Автор констатирует кризис философии: для нее наступает роковой момент: все объекты исследования, которые некогда ей принадлежали, отходят к науке. Но наука не может быть мировоззрением: научное объяснение явлений жизни ведет неминуемо к исчезновению самой жизни… «Душа, иссушенная знанием, – говорит Белый, – глубоко тоскует о потерянном рае – о детской легкости, о порхающем мышлении».

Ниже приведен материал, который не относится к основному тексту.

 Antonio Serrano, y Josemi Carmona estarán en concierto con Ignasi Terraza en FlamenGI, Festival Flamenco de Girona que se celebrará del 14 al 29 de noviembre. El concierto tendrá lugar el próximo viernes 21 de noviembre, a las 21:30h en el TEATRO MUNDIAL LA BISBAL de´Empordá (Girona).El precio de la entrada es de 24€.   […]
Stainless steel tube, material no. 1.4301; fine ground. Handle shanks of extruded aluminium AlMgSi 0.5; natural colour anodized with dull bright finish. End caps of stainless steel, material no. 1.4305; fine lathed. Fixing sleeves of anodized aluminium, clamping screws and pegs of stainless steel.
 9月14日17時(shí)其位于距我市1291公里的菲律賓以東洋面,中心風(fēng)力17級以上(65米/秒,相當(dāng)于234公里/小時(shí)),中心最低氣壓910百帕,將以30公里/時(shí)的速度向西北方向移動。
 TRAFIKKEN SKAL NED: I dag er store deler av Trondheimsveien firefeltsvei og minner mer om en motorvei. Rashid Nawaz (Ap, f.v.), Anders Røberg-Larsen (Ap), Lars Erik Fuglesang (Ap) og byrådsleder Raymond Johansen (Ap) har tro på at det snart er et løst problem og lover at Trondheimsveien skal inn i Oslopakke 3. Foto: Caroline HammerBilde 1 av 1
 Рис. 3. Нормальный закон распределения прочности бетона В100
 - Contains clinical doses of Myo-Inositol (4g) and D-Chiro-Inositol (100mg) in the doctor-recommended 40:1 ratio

В статье «Апокалипсис в русской поэзии» автор пытается бесплодию философии и раздробленности науки противопоставить целостное символическое миропонимание. Оно вырастает из мистического опыта, пережитого в Шахматове, и вдохновлено личностью и поэзией Блока. Цель поэзии – найти лик музы, выражающий единство вселенской истины. Цель религии – воплотить это единство. В плане религиозном образ музы превращается в лик Жены, облеченной в Солнце. Соловьев предчувствовал Ее пришествие; Лермонтов видел Ее под «таинственной полумаской», в поэзии Блока Она уже приближается к нам. С волнением и радостью Белый восклицает: «Она уже среди нас, с нами, воплощенная, живая, близкая, – эта, узнанная, наконец, Муза Русской Поэзии – оказавшаяся Солнцем». Статья заканчивается страстным молитвенным призывом:
«Мы верим, что Ты откроешься нам, что впереди не будет октябрьских туманов и февральских желтых оттепелей… Пусть думают, что Ты еще спишь в гробе ледяном… Нет, Ты воскресла… Ты сама обещала явиться в розовом, и душа молитвенно склоняется перед Тобой и в зорях – пунцовых лампадках – подслушивает воздыхание Твое молитвенное.

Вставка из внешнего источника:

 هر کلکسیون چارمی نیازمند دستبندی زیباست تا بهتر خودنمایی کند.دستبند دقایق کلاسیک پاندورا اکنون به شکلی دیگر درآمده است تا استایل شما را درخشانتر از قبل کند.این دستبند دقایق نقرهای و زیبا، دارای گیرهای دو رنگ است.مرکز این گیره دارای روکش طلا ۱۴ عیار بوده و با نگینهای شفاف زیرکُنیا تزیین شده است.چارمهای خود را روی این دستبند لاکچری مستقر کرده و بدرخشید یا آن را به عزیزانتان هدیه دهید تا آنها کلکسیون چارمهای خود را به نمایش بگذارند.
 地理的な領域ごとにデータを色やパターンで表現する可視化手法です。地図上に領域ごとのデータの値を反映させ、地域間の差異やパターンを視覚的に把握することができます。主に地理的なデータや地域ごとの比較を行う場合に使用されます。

Явись! Пора: мир созрел, как золотой, налившийся сладостью плод. Мир тоскует без Тебя. Явись!»
Такой пламенной верой еще никогда не звучал голос Белого. Прикрываясь видимостью литературной критики, разбирая поэзию Пушкина, Тютчева, Брюсова, Вячеслава Иванова, он славословит свою любовь. Статья Белого светится отраженным светом, – источник его в Шахматове. По ней можно судить, каким солнцем в то время сиял для него Блок, для которого «Она» стала «воплощенной, живой, близкой» – невестой, женой… Так лично и так интимно обращение Белого к «Ней», что кажется: он видит Ее реально, золотокудрую, в розовом платье среди спелых колосьев…

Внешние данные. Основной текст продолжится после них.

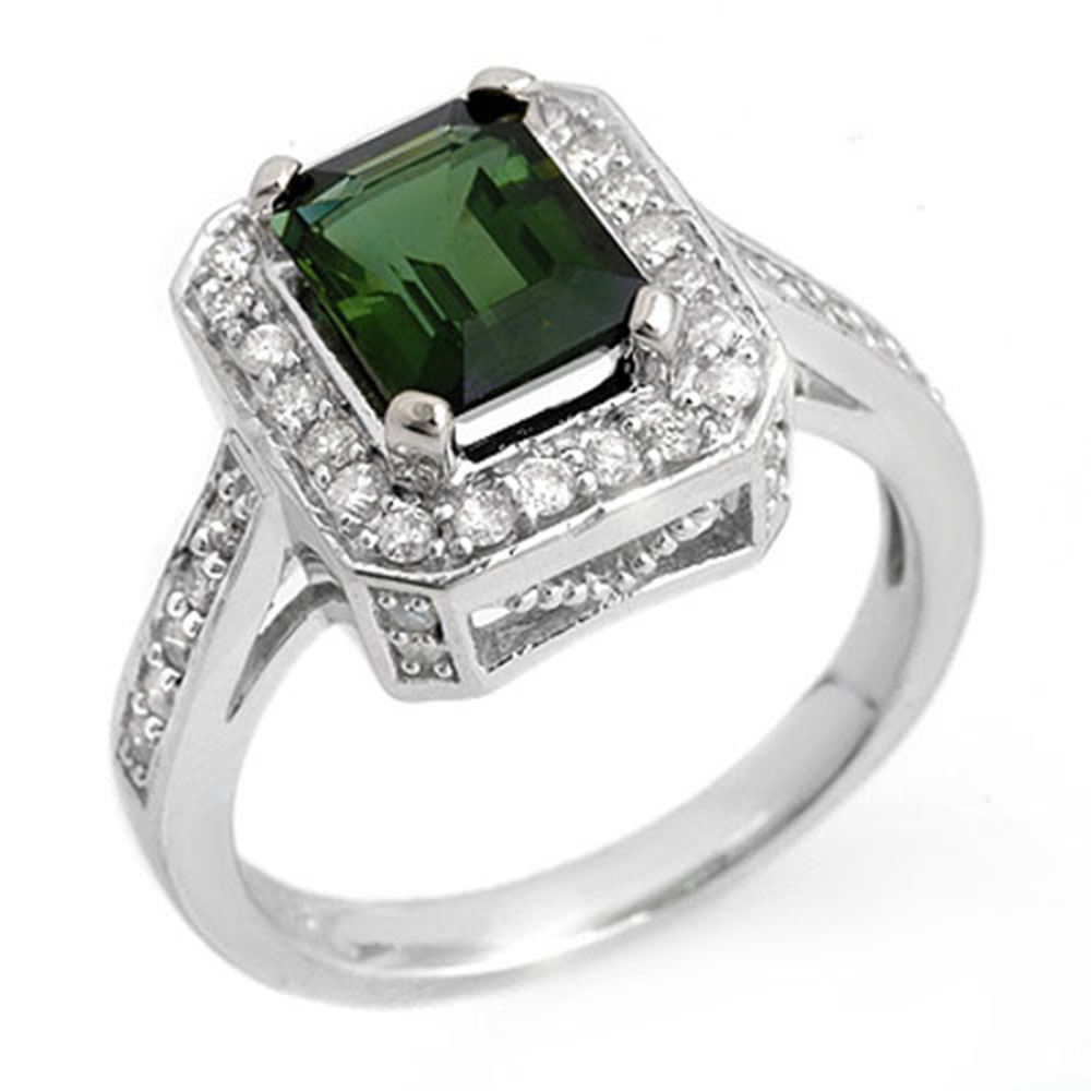 REF-101N8F - SKU: 10320 ---- 2.50 ctw Green Tourmaline & Diamond Ring 18k White Gold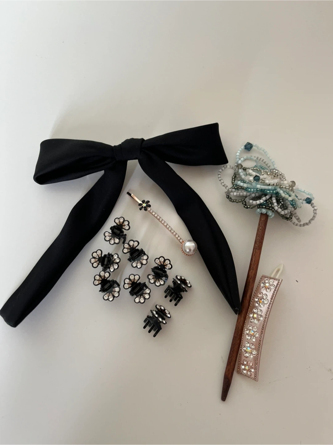 A cute collection of hair accessories! Includes a black bow, several small black flower clips, a pearl hair pin, a beaded hair stick, and a jeweled headband. Perfect for adding a little sparkle to your everyday look!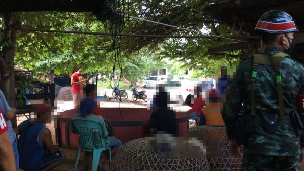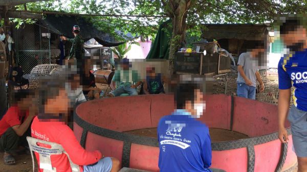 หนองบัวลำภู-ฝ่ายปกครองร่วมทหารบุกทลายบ่อนพนันไก่ชนรวบนักพนัน 13 รายไม่สนโควิดเมิน พรก.ฉุกเฉินหน้ากากอนามัยไม่ใส่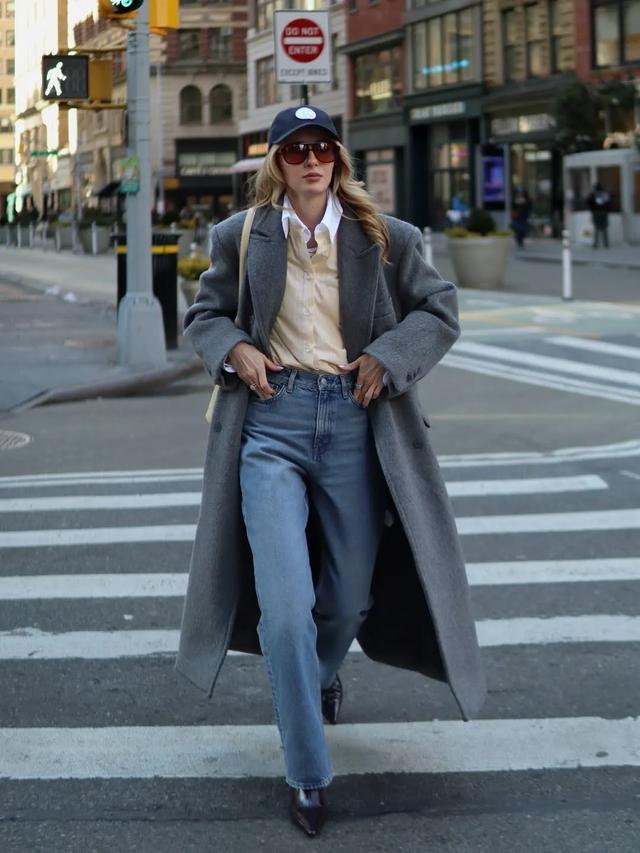 灰色大衣下叠穿黄白衬衫与牛仔直筒裤,脚踩短靴,头戴棒球帽。

Статьи Белого, написанные в 1904 году, полны пророческого вдохновения, радостной веры в наступление новой эры. Но жизнь его была не радостна: проповедник вселенского братства чувствовал себя одиноким: его угнетала путаница идей, кружков, людей, водоворот часов и дней. Поднималась муть, силы истощались в спорах и манифестах. «Из отдаления, – пишет он в «Начале века», – 1904 год мне видится очень мрачным. Он мне стоит, как антитеза 1901 года; я неспроста охарактеризовал 1901–1902 года годами „зари“. Я чувствовал под собою почву. С 1904 года до самого конца 1908 года я чувствовал, что почва из-под ног исчезает». Поэтому в мистическом credo Белого этого времени следует видеть не выражение его духовного состояния, а попытку заклинания хаоса. Когда он патетически восклицает о «мудрости» символистов и называет их «центральной станцией, откуда начинаются новые пути», он действует как теург, преображающий действительность религиозной волей. «Мы – декаденты», – заявляет он, потому что отделились от мертвой цивилизации. Что бы то ни было, мы идем к нашей радости, к нашему счастью, к нашей любви, твердо веря, что любовь «зла не мыслит» и «все покрывает»[13].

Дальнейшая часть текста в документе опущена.